Wang is the mother of two daughters. A search warrant cited in press reports around the time of the 2013 attack said Wang’s family shared the Richmond house with her sister-in-law and her husband, the parents of Baby Y. Wang was said to be jealous when her husband’s sister had Baby Y, because Wang did not have a son and she feared losing out on an inheritance from the boy’s grandparents. 

The RCMP statement described how the baby boy’s panic-stricken parents rushed their inconsolable son to hospital.

“As a physician was examining the infant, a mysterious residue was found on his ears. The physician commented on the substance’s chemical-like smell. What resulted was the shocking discovery of a hardened plastic-like substance covering the entrance to both of his ear canals. Painstaking surgery was required to remove the substance and the Richmond RCMP was contacted.

“The substance was later identified as super glue and how it arrived deep inside the infant’s ear canals was not by accident.”

The press release went on to say that “as investigators dug deeper, a bizarre tale unfolded of deceit, jealously [sic], and the cultural pressures to conceive male offspring”.

The linkage of the shocking abuse to “cultural pressures” on Wang, a Chinese national, was widely reported in Canada.

However, by the early hours of Wednesday, the statement had been scrubbed from the RCMP’s website, and a tweet referring to the statement deleted from the official @RichmondRCMP Twitter account.

RCMP Acting Corporal Dennis Hwang.
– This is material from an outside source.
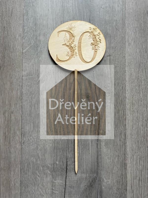 Dřevěná zapichovací ozdoba (gravura s květinou)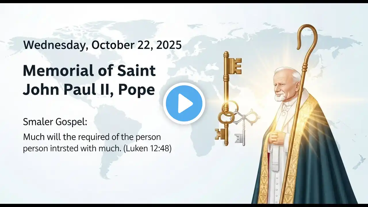 #StThereseLittleWay, #CatholicFaithJourney, #FollowingChrist, #DailyMassReflections, #TrustInGod Today's Catholic Mass Readings & Gospel Reflection – Wednesday, October 1, 2025 Reading 1: Nehemiah 2:1–8 Resp: Psalm 137:1–2, 3, 4–5, 6 Gospel: Luke 9:57–62 Memorial of Saint Thérèse of the Child Jesus, Virgin and Doctor of the Church Lectionary: 457 My dear brothers and sisters, today’s liturgy reminds us that true discipleship is not about convenience or comfort, but about faithful trust in God’s providence and willingness to follow Christ wherever He leads. Like Nehemiah, may we act with courage; like the psalmist, may we long for God’s presence; and like Saint Thérèse, may we discover holiness in the ordinary. We warmly invite you to join us again tomorrow as we continue reflecting on God’s Word together. If you have any prayer requests, please share them, so our community may lift one another before the Lord, especially those carrying heavy burdens. May God bless you and keep you always in His love until we gather again tomorrow. This Gospel reflection is 100% original—written, produced, and owned by The Word Today TV. It includes on-screen text and spoken audio to serve those with visual or hearing impairments. Our mission is to share God's Word in an accessible, devotional, and faithfully Catholic way. Keywords: Saint Thérèse of the Child Jesus, October 1 2025 Catholic Mass readings, Nehemiah 2:1–8 reflection, Psalm 137 prayer, Luke 9:57–62 Gospel reflection, Catholic homily on discipleship, daily Catholic reflections, little way of St Thérèse, Catholic Public Domain Version scripture, Catholic prayer and devotion, living faith with simplicity, cost of following Christ, Catholic liturgy reflection, Christian discipleship teaching, Catholic meditation on readings, Word Today TV original reflection === Disclaimer: This video contains original reflections and commentary on the Catholic daily readings, produced by The Word Today TV. It may also include copyrighted material used under the principles of fair use for religious, educational, and inspirational purposes. We do not claim ownership of any copyrighted content. If you are the copyright owner and believe your material has been used improperly, please contact us at [email protected], and we will respond promptly to resolve the issue. Don't forget to Like, Share, and Subscribe to support our mission of spreading the Word of God daily.

Photo: CTV News
Asked why the statement and tweet had been deleted, Acting Corporal Dennis Hwang, the RCMP media liaison officer who apparently issued the statement, said: “I am unable to speak about this topic any further. I apologise for any inconvenience this may have caused.”

Queenie Choo, chief executive officer of the Vancouver immigrant support service SUCCESS, said that although there may be pressures to have male children among some Chinese immigrant families, a wide range of factors would have to be considered in such an extreme case of abuse.
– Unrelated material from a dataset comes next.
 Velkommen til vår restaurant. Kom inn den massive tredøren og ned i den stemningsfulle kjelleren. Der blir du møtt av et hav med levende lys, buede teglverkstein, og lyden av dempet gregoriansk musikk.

“Firstly there is just personality. Secondly, the familial environment. Then the upbringing, the mental status of the individual, and also the educational background,” Choo said.

“It cannot be attributed only to culture. There are a number of factors that drive people’s behaviours, for example, in this case.”

Choo applauded the RCMP’s apparent decision to withdraw the statement. “I think it’s a good thing, the retraction of this statement.”

Baby Y was likely to make a full recovery, RCMP Corporal Chris Tarasoff said in the retracted statement. “This was a bizarre, yet extremely sad case. There were many investigators involved and it was emotionally trying at times. We do have a message though; we have zero tolerance towards any types of crimes against children,” Tarasoff was quoted as saying.

Wang was sentenced to four months in jail with a further two years of probation. She has since been released and ordered to stay away from her in-laws.

A man identified as Baby Y’s father by CTV News told the broadcaster on Tuesday he had suffered nightmares about the abuse of his child. “But now we are all ok,” he said.

Acting Cpl Hwang told CTV in an interview prior to the statement’s retraction: “Perhaps there are some cultural differences. Some cultures, they might value the birth of a boy more so than that of a girl. That may have contributed to it. Maybe some jealousy involved in that.”